--- START ---

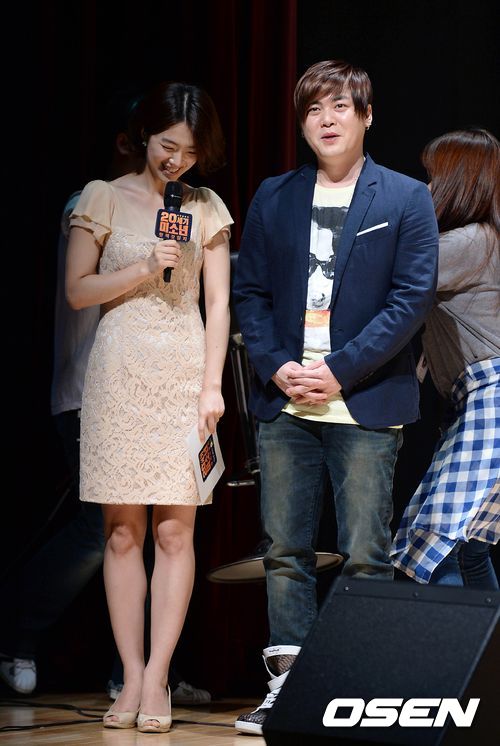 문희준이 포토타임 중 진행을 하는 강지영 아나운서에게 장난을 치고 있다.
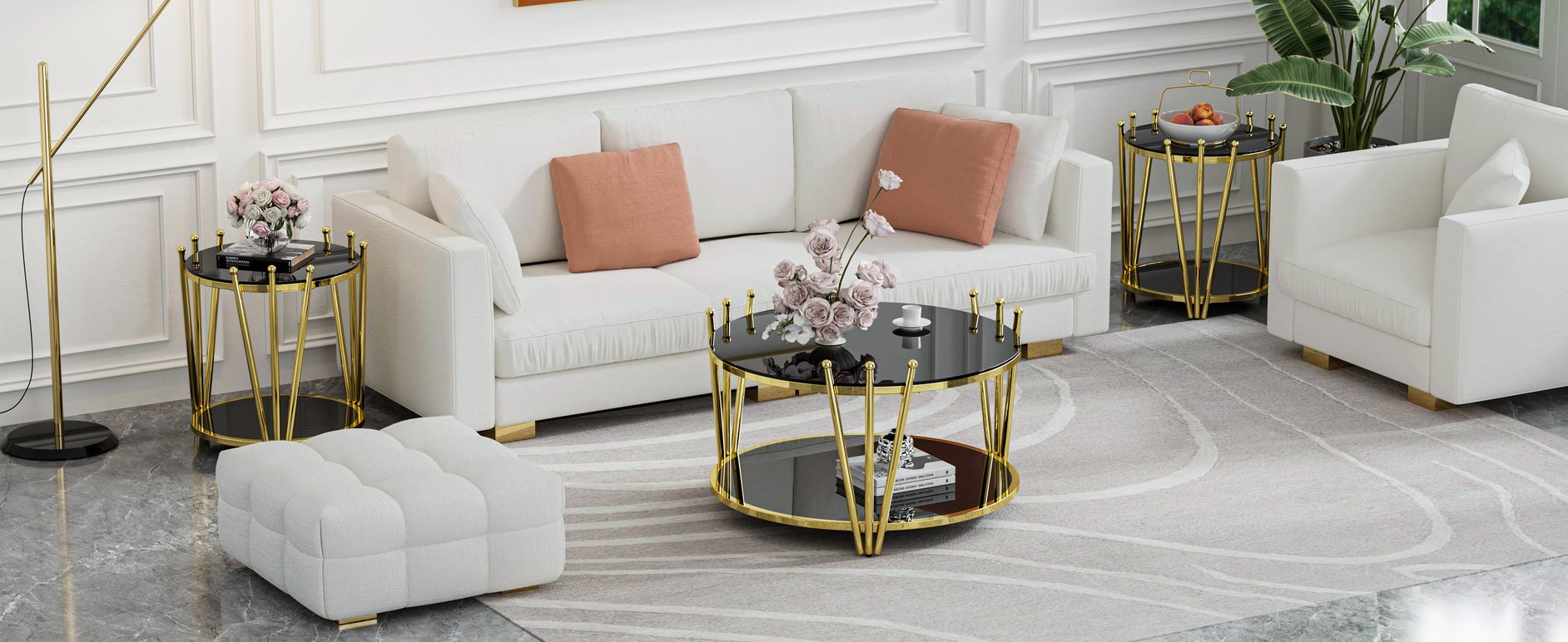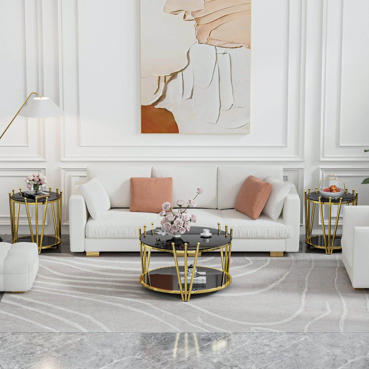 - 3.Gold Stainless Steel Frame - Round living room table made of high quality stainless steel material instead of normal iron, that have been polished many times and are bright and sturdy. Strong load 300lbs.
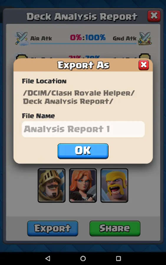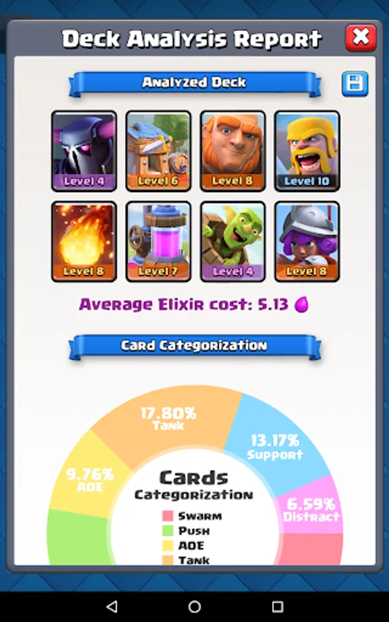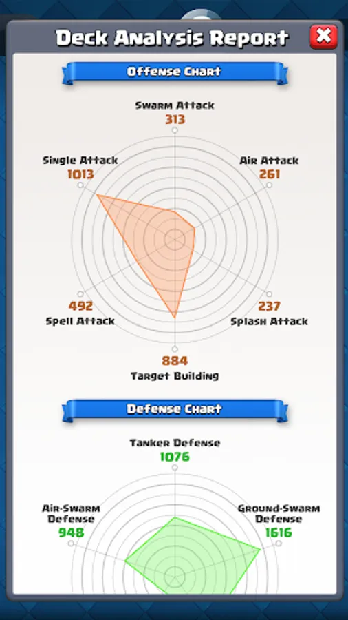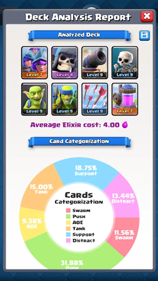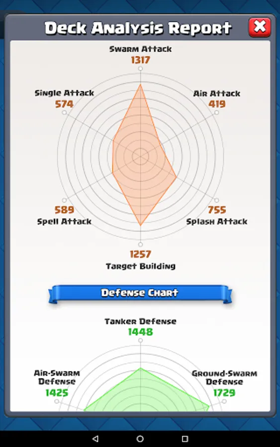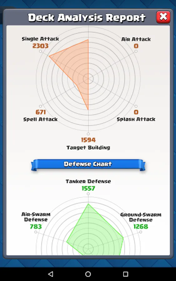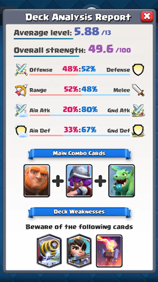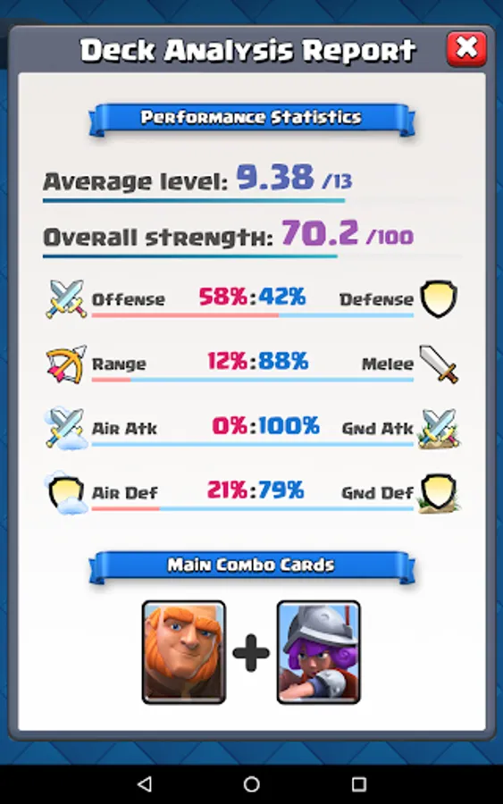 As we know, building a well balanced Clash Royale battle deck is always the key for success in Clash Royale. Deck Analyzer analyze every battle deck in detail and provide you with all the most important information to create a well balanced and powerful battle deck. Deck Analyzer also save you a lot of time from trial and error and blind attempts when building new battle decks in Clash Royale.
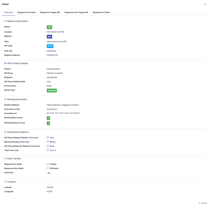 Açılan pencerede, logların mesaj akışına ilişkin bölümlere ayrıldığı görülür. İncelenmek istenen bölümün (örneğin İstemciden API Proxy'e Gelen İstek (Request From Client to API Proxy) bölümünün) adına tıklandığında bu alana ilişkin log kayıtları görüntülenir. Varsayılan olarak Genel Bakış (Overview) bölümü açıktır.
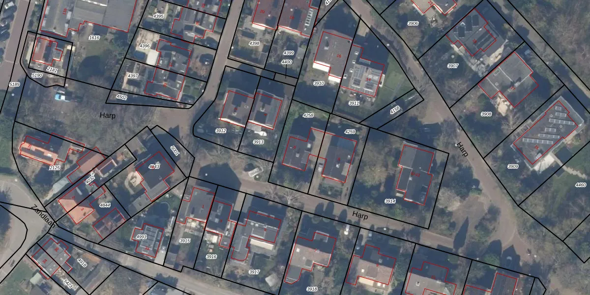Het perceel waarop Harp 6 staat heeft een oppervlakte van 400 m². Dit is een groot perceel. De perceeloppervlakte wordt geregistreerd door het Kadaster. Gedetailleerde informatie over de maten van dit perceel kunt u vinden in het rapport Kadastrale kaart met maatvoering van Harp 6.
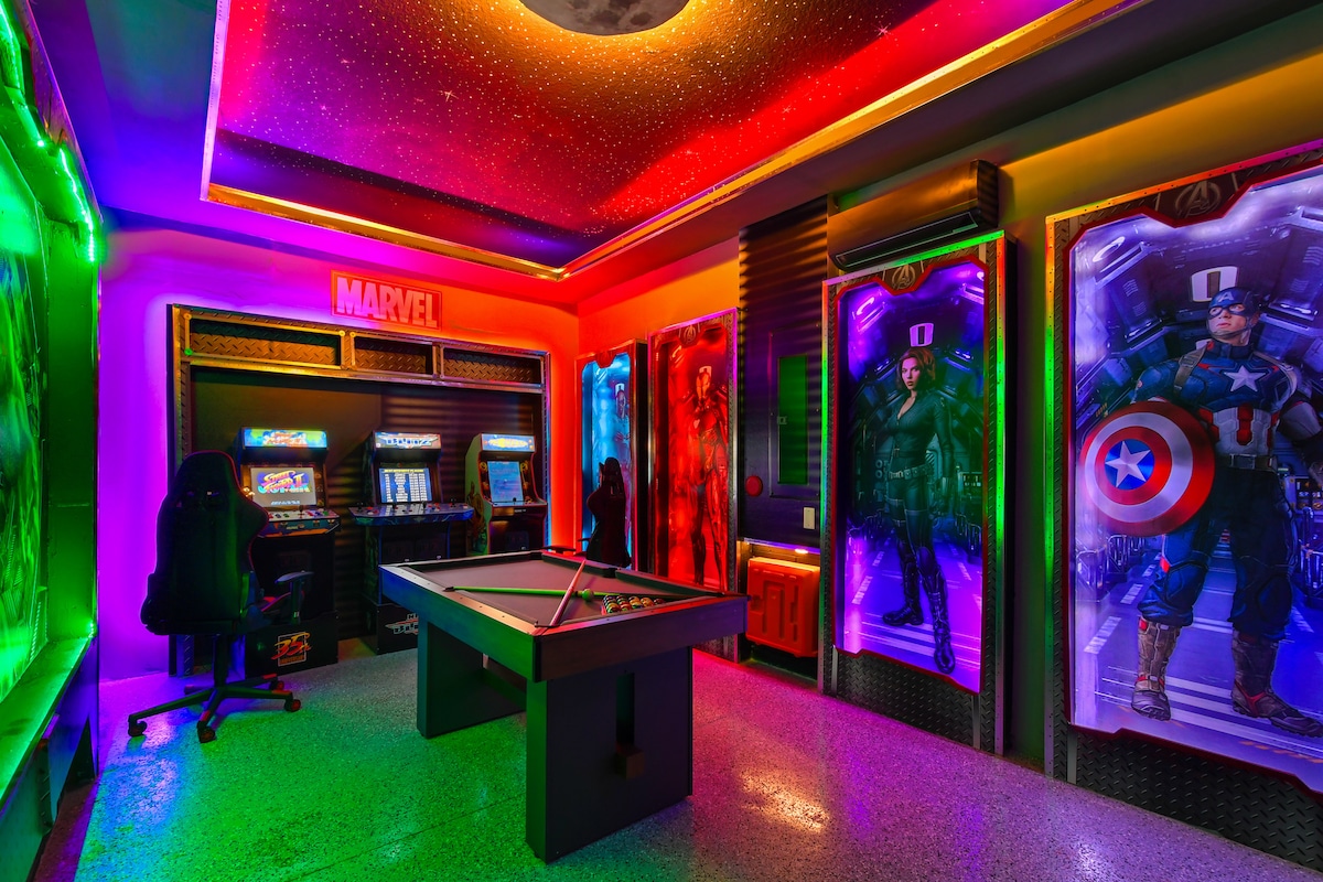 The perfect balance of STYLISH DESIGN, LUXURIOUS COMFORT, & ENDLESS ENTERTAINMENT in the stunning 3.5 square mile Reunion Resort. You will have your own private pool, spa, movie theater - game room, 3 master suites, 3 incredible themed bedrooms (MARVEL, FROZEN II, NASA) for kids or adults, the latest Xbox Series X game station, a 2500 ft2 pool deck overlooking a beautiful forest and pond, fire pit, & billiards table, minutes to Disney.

--- END ---

Work item:
Above are the records; repeat their lines from the first through the line containing "As we know, building", and leave out each picture.

Written response:
 문희준이 포토타임 중 진행을 하는 강지영 아나운서에게 장난을 치고 있다.
 - 3.Gold Stainless Steel Frame - Round living room table made of high quality stainless steel material instead of normal iron, that have been polished many times and are bright and sturdy. Strong load 300lbs.
 As we know, building a well balanced Clash Royale battle deck is always the key for success in Clash Royale. Deck Analyzer analyze every battle deck in detail and provide you with all the most important information to create a well balanced and powerful battle deck. Deck Analyzer also save you a lot of time from trial and error and blind attempts when building new battle decks in Clash Royale.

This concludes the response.